Information Revolution
- Is a period of change that might prove as significant to the lives of people. Computer technology is
the root of this change, and continuing advancements in that technology seem to ensure that this
revolution would touch the lives of people.
- Began in the 20th century has been driven in most part by a geometric growth in the production of
high-tech electronics , including components of computers, computer peripherals, semiconductors ,
integrated circuits, printed circuit boards, video display equipments, audio equipments and
household electronics which accelerated the growth in production, distribution and sales of
information and communication technologies.
- The main feature of Information Revolution is the growing economic, social & technological role of
information.
- May relate to Industrial Revolution or Agricultural Revolution as a product of Informational Inputs,
produced by individual innovators, scientific & technical institution.
- Led us to the age of the internet where optical communications networks play key role in delivering
massive amounts of data.
- Computers and technologies are beginning to replace many jobs because of automation or
outsourcing jobs offshore. We also see decline in Union membership.

Primary labor market jobs- includes jobs that provide many benefits to workers like high incomes, job
security, health insurance and retirement packages. These are White-collar professions like Doctors,
Accountant and Engineers.
Secondary labor market jobs- provide fewer benefits and include lower-skilled jobs & lower service-
sector jobs. They tend to pay less, have more unpredictable schedules, and typically do not offer health
benefits and tend to have less job security.
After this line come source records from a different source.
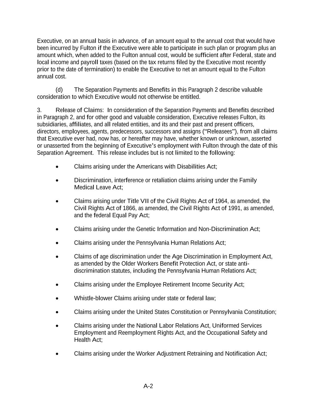 A-2 Executive, on an annual basis in advance, of an amount equal to the annual cost that would have been incurred by Fulton if the Executive were able to participate in such plan or program plus an amount which, when added to the Fulton annual cost, would be sufficient after Federal, state and local income and payroll taxes (based on the tax returns filed by the Executive most recently prior to the date of termination) to enable the Executive to net an amount equal to the Fulton annual cost. (d) The Separation Payments and Benefits in this Paragraph 2 describe valuable consideration to which Executive would not otherwise be entitled. 3. Release of Claims: In consideration of the Separation Payments and Benefits described in Paragraph 2, and for other good and valuable consideration, Executive releases Fulton, its subsidiaries, affiliates, and all related entities, and its and their past and present officers, directors, employees, agents, predecessors, successors and assigns (“Releasees”), from all claims that Executive ever had, now has, or hereafter may have, whether known or unknown, asserted or unasserted from the beginning of Executive’s employment with Fulton through the date of this Separation Agreement. This release includes but is not limited to the following: Claims arising under the Americans with Disabilities Act; Discrimination, interference or retaliation claims arising under the Family Medical Leave Act; Claims arising under Title VII of the Civil Rights Act of 1964, as amended, the Civil Rights Act of 1866, as amended, the Civil Rights Act of 1991, as amended, and the federal Equal Pay Act; Claims arising under the Genetic Information and Non-Discrimination Act; Claims arising under the Pennsylvania Human Relations Act; Claims of age discrimination under the Age Discrimination in Employment Act, as amended by the Older Workers Benefit Protection Act, or state anti- discrimination statutes, including the Pennsylvania Human Relations Act; Claims arising under the Employee Retirement Income Security Act; Whistle-blower Claims arising under state or federal law; Claims arising under the United States Constitution or Pennsylvania Constitution; Claims arising under the National Labor Relations Act, Uniformed Services Employment and Reemployment Rights Act, and the Occupational Safety and Health Act; Claims arising under the Worker Adjustment Retraining and Notification Act;
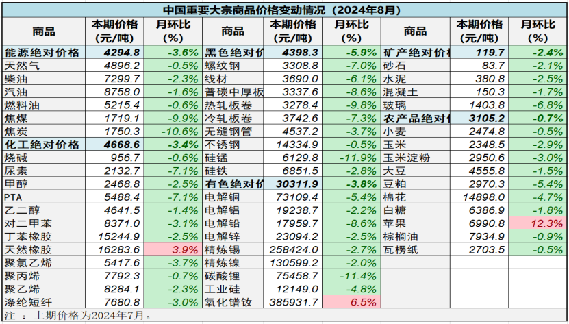 分商品看:在中國物流與采購聯(lián)合會重點(diǎn)監(jiān)測的50種大宗商品中,本月價(jià)格與上月相比,47種(94%)大宗商品價(jià)格下跌,3種(6%)大宗商品價(jià)格上漲。其中,漲幅前三的為蘋果、氧化鐠釹和天然橡膠,月環(huán)比分別上漲12.3%、6.5%和3.9%;跌幅前三的大宗商品為硅錳、碳酸鋰和焦炭,月環(huán)比分別下跌11.9%、11.4%和10.6%。
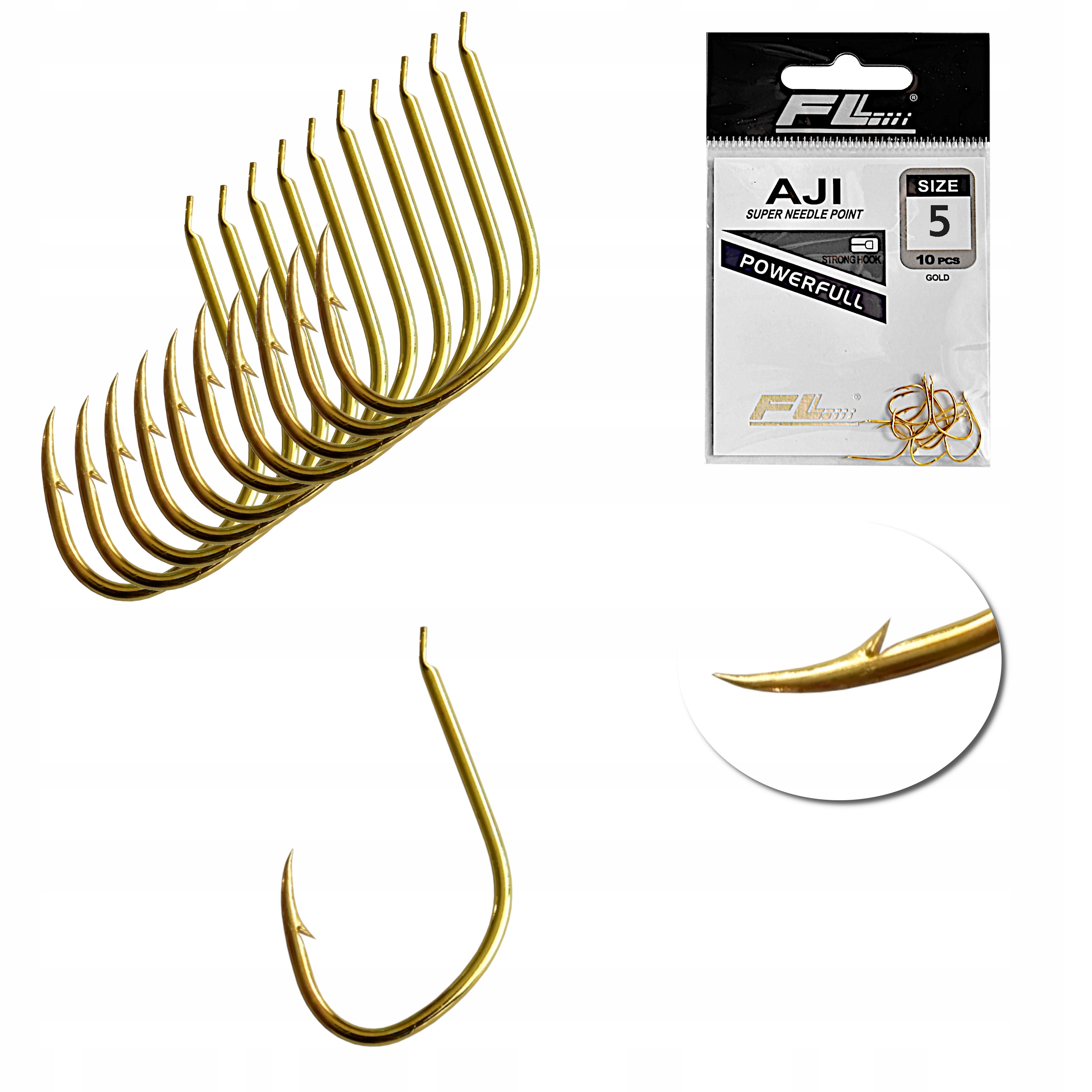 Zestaw Haczyków Haczyki FL AJI Nr 5 złote- 10 szt
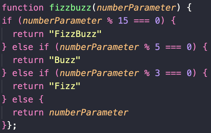 Fizzbuzz, this is a coding challenge that crossed my path. The solution sounded like a simple conditional statement from the beginning (click here and have a read of the first paragraph under control flow if you need a refresher on conditional statements) The question was to fill in a function (click here if you want a refresher on functions) that takes a number as a parameter, then if that number can be divided by 15 return a string, if it can be divided by 3 return a different string, if can be divided by 5 return a different string, otherwise just return the number. I knew this statement required a % from my past experience learning conditional statements, cause if a number divided by 3 gets divided perfectly, the remainder should equal 0. I wrote the conditional statement near correct from the start but completely out of order. Reviewing the testing results, I realised it must be in a certain order and the adjusted the statement to suit.
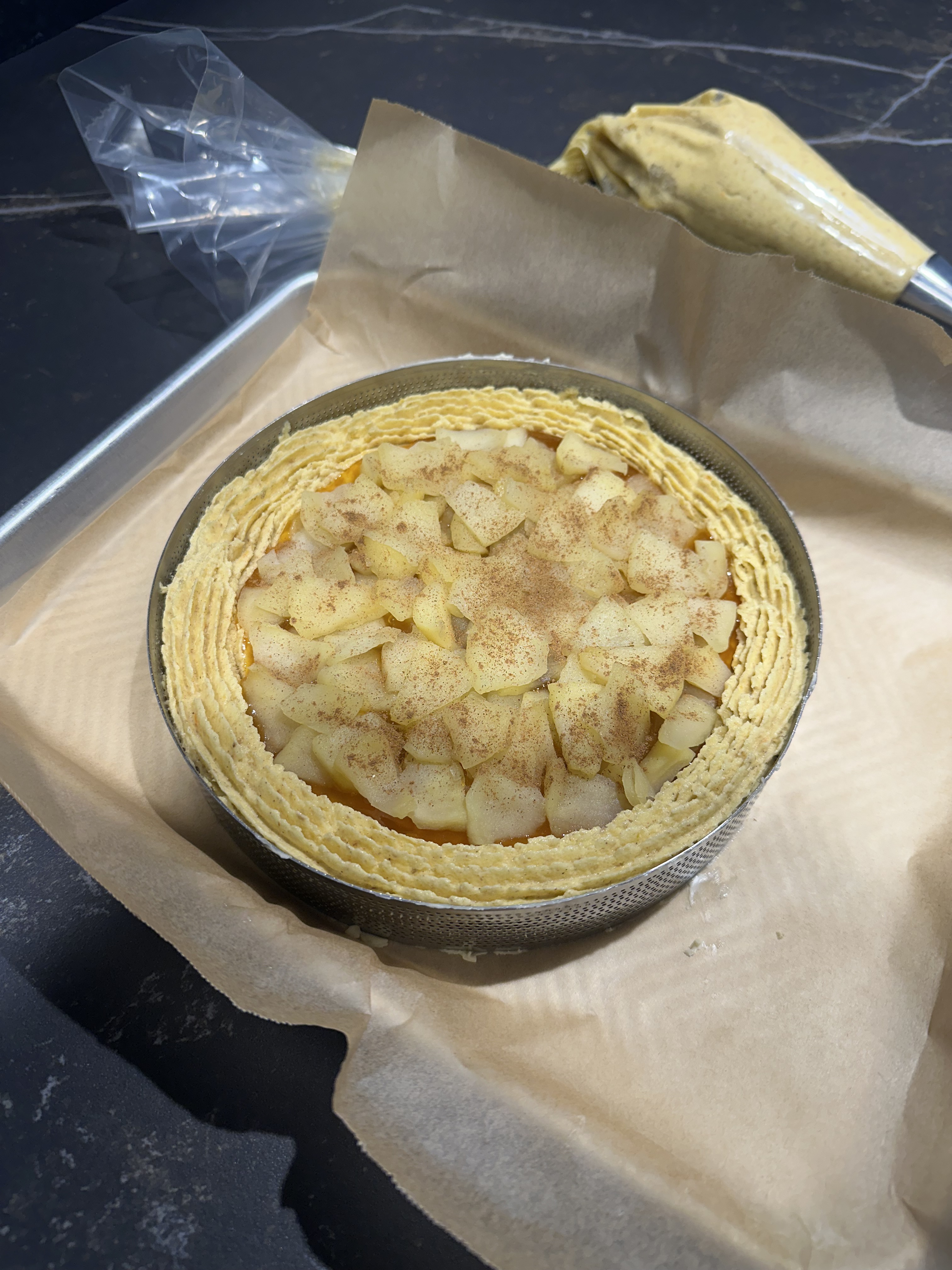 Imburrare (senza infarinare) un anello microforato per crostate e posizionarlo su una teglia foderata con carta forno (foto 3), come faccio io, oppure imburrare uno stampo da forno antiaderente con pareti lisce. Con la tasca da pasticcere dressare la frolla montata su tutto il fondo. Dressare un cerchio anche lungo tutto il bordo, di modo che venga sopraelevato rispetto al fondo (foto 4). Distribuire sulla base la confettura di albicocche, quindi sopra le mele (foto 5). Con la frolla montata restante dressare dei decori sulla superficie (foto 6). Spostare in frigorifero per circa 1h prima della cottura.

Tertiary Sector or Service Industry- includes every jobs such as administrative assistants, nurses,
teachers and lawyers. It is defined mainly by what it produces rather than what kinds of jobs it includes.

Global Corporations
- also known as Multinational / Transnational companies
- These companies that extend beyond the borders of one country.
- They intentionally surpass national borders and take advantage of the opportunities in different
countries to manufacture, distribute, market and sell their products.
- The Trade Regulatory groups (WTO) and agreements (NAFTA) regulate the flow of goods and
services between countries. They reduce tariffs which are taxes on imports , and makes custom
procedure easier which makes trading across the national boarders much more feasible.